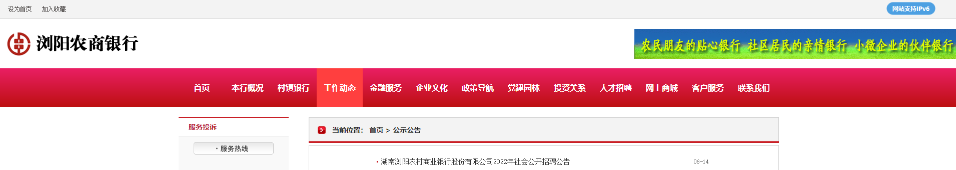 5.公告中未盡事宜和需對(duì)外發(fā)布的招聘信息,將在瀏陽農(nóng)商銀行上公布,不另行通知。
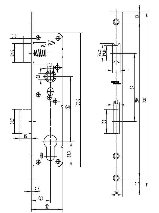 торцевая планка замка, ответная планка замка, крепёжные винты и фиксирующий винт цилиндра выполнены из нержавеющей стали.
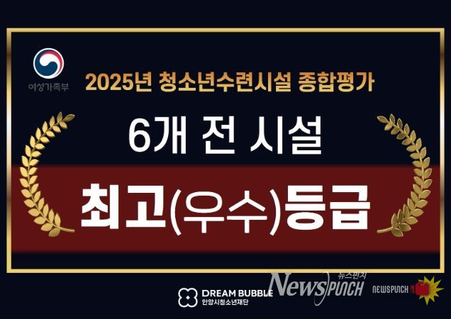뉴스펀치 박상훈 기자 | 안양시청소년재단은 성평등가족부와 한국청소년정책연구원이 실시한 ‘2025년도 청소년수련시설 종합평가’에서 소속 6개 청소년수련시설이 전국 최상위 성과를 거두며 운영 역량을 공식적으로 인정받았다.
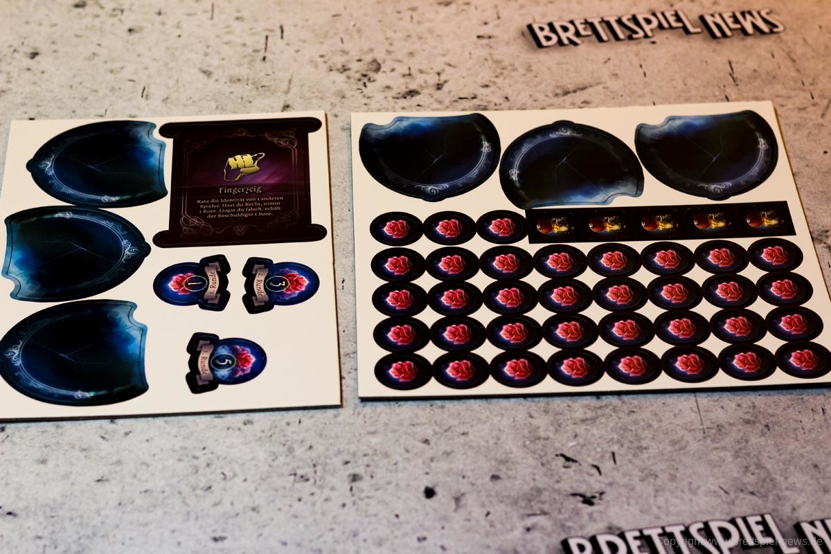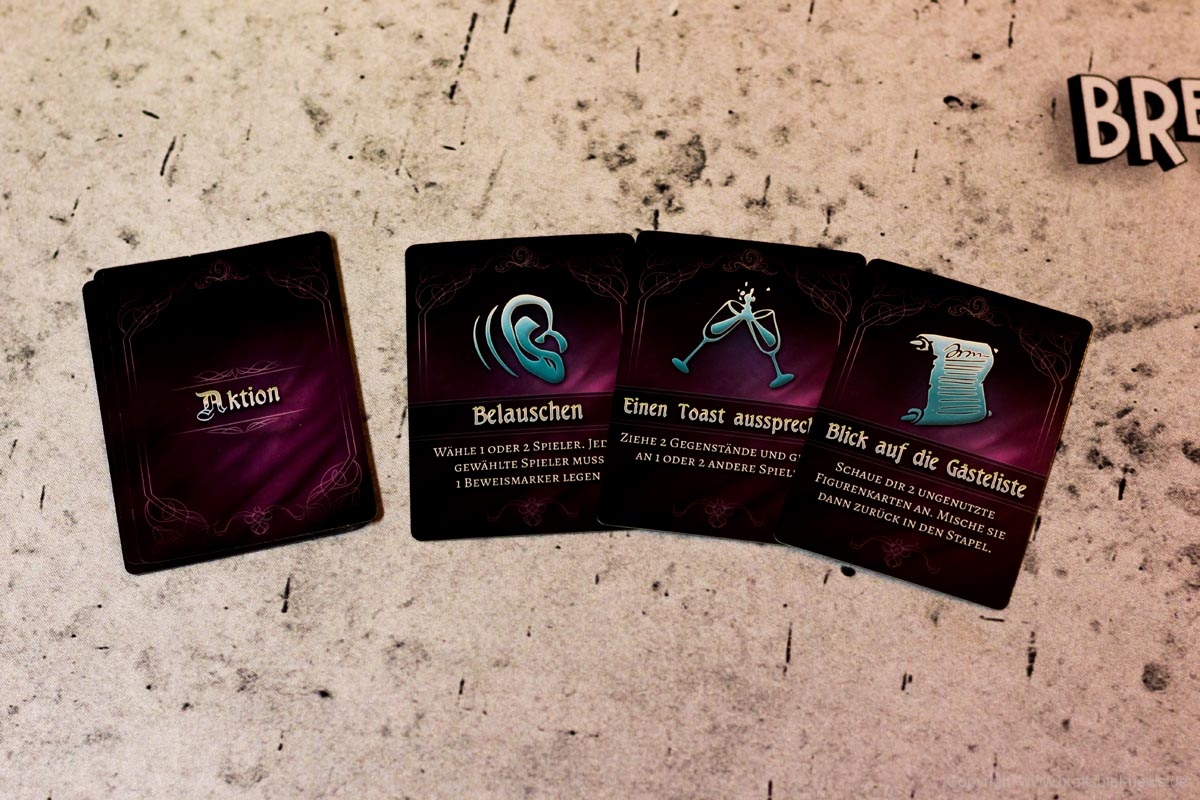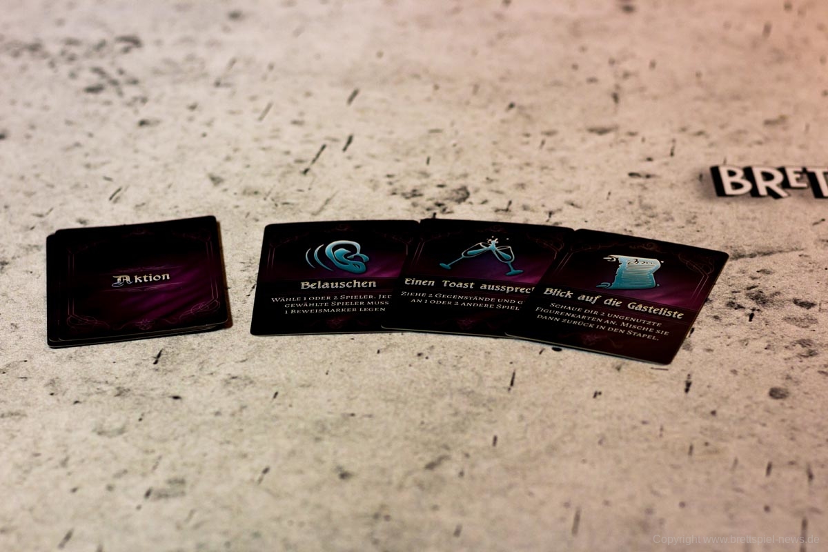 Das Ziehen der Gegenstände muss von jedem Spieler in seinem Zug ausgeführt werden, doch es gibt auch noch eine Option zum Ausführen einer Aktion. Für diese muss der Spieler 2 gleiche Gegenstände abgeben und darf eine der ausliegenden Aktionen ausführen. So darf der Spieler zum Beispiel bei der dauerhaften Aktion „Fingerzeig“ einen anderen Spieler enttarnen. Ist sein Tipp richtig, erhält er 2 Rosen, ist er es nicht, erhält der Beschuldigte eine Rose.
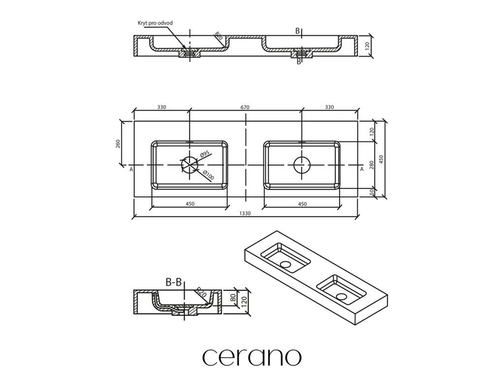 CERANO - Podwójna umywalka z lanego marmuru Geminia - ścienna - czarny mat - 133x45 cm
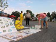 一个美国人特意过来向一个学员说:他一直在关注法轮功的消息。他明白我们不是搞政治,可我们被污蔑是,他知道炼法轮功的都是好人,他来这里就是想说一句他是支持我们的。
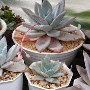 かわいこちゃんズ❤️ part 31 時計回りで メキシカンジャイアント (Sep'21 cocoroa) ラウレンシス (Dec'19 sweet) キャラリアン (Sep'21 cocoroa) プリマベーラ (Nov'21 ヤフオク) ミナ (Nov'21 ヤフオク) Suryon (Sep'20 松井田) アメイジンググレイス (Dec'20 sweet) 久しぶりのかわいこちゃんズの紹介になります🤗♡ メキジャイ君は大きく育ててみたいのですが、夏は下葉がぐじゅぐじゅにジュれることもあって、なかなか思うようにはいきません(^◇^;)💧 これからでも鉢を大きくしてみようかな🙄 ラウレンシスはうちに来て2年以上経ちますが、やっと姿、色が綺麗になりました✨✨ ミルクティーのような色合いが可愛いです❣️ Suryonさんの可愛らしさがこのpicからはなかなか伝わらないかもですが、コロンとした姿がラブリーなんですよ🤗♡ 紅葉がほんの少し残ってます❣️ アメイジンググレイスさんは王道の美しさ✨✨ 大事にしていた4.5号鉢の大株は成長点が行方不明になり、形が崩れて下葉がジュれたのですが、あちこちから子株がバンバン出てきて凄いことになっております😅 外すのが面倒なので放ってありますが、どうにかしないとね(^◇^;) こちらは別のショップから迎えた子ですが、大きくしないで管理しております。 でもそろそろ鉢パンです😅
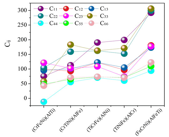The elastic constants predicted by the first-principles calculations and Born stability criteria [39] are directly applied in the present structural stability analysis. The calculated elastic constants for AlCrTiFeNi are listed in Figure 3. If the values of () and () are very large, suggesting that it is difficult to compress the AlCrTiFeNi alloy under the uniaxial stress along the X () or Z () axis. As shown in Figure 3, it can easily be seen that, with the exception of the (CrFeNi)(AlTi) atom occupancy positions, the calculated (Cij) for single-phase (TiCrNi)(AlFe), (TiCrFe)(AlNi), (TiCrFe)(AlCr), and (FeCrNi)(AlFeTi) atom occupancy positions satisfy the Born stability criteria, suggesting that the crystal structure of (CrFeNi)(AlTi) atom occupancy positions are mechanically unstable and hard to be formed, while the (TiCrNi)(AlFe), (TiCrFe)(AlNi), (TiCrFe)(AlCr), and (FeCrNi)(AlFeTi) atom occupancy positions are mechanically stable.
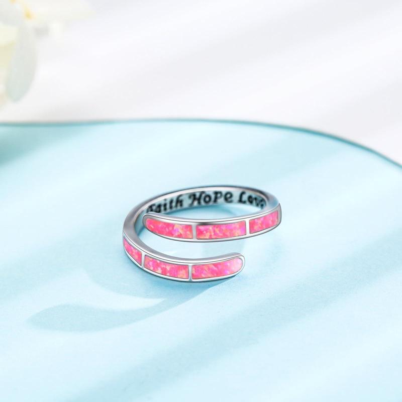 Sterling Silver Hot Pink Opal Ring Adjustable Rings for Women
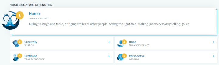 Overall, I completely agree with my evaluated strengths. My humor, even when coping with the morbid and dire, helps me to get through my days. Additionally, my creativity is essential to who I am; I can consistently discover new ways to think about things, and I enjoy sharing those ideas with others even when it makes me look crazy.
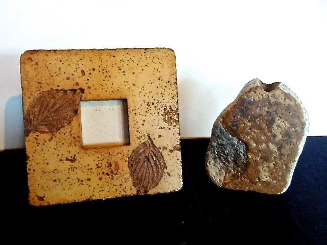 Two complemtary items. A stoneware square picture frame 8" x 8" with easel back and a natural drilled smooth stone vase for dried flowers or buds.
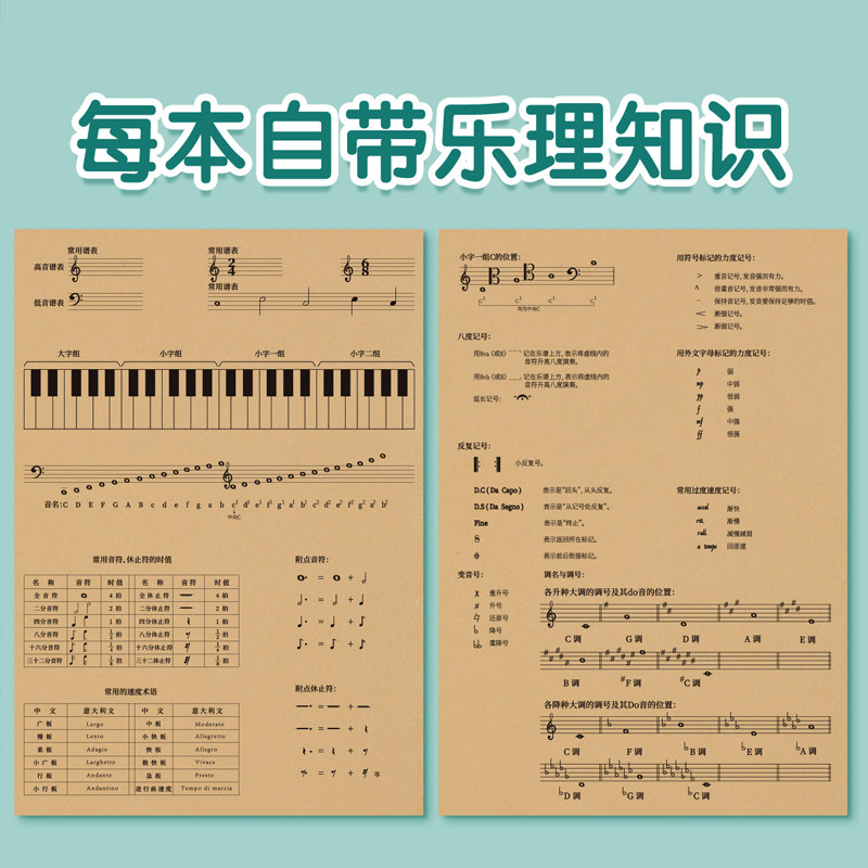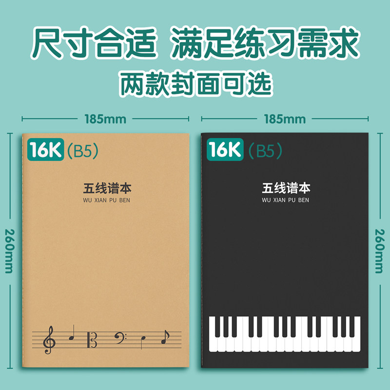 五线谱本子学生用乐谱本练习本牛皮纸本子16k小学生儿童划线宽距吉他钢琴音乐歌唱初学者专业音符琴谱册加厚
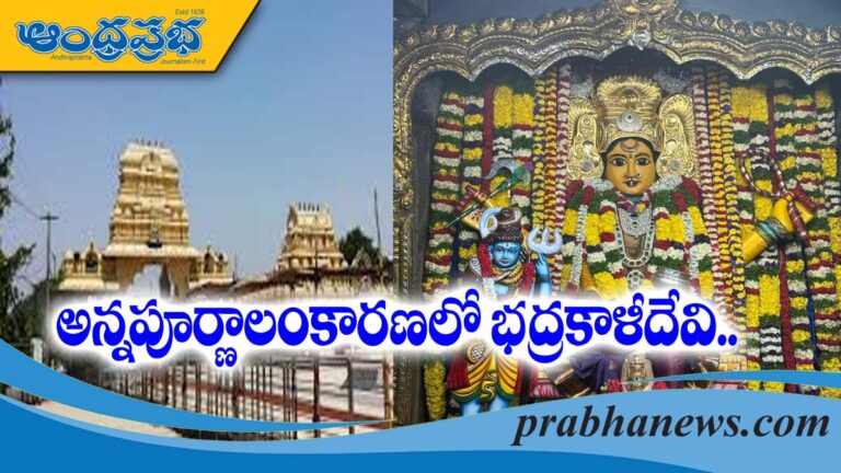 వరంగల్, ఆంధ్రప్రభ : శ్రీ భద్రకాళీదేవీ శరన్నవరాత్రి (దసరా) మహోత్సవాలు భాగంగా ఈ రోజు అమ్మవారు అన్నపూర్ణాలంకార రూపంలో దర్శనం ఇచ్చారు. ఉదయం మకర వాహనసేవ కార్యక్రమం నిర్వహించారు. సాయంత్రం దేవజా దుర్గార్చన చంద్రప్రభ వాహనసేవ కార్యక్రమం ఉంటుంది.

____________________

Every line from the one containing "五线谱本子学生用乐谱本练习本" through the last line of the listing must be written out again exactly, and no other line. Leave the pictures aside.

 五线谱本子学生用乐谱本练习本牛皮纸本子16k小学生儿童划线宽距吉他钢琴音乐歌唱初学者专业音符琴谱册加厚
 వరంగల్, ఆంధ్రప్రభ : శ్రీ భద్రకాళీదేవీ శరన్నవరాత్రి (దసరా) మహోత్సవాలు భాగంగా ఈ రోజు అమ్మవారు అన్నపూర్ణాలంకార రూపంలో దర్శనం ఇచ్చారు. ఉదయం మకర వాహనసేవ కార్యక్రమం నిర్వహించారు. సాయంత్రం దేవజా దుర్గార్చన చంద్రప్రభ వాహనసేవ కార్యక్రమం ఉంటుంది.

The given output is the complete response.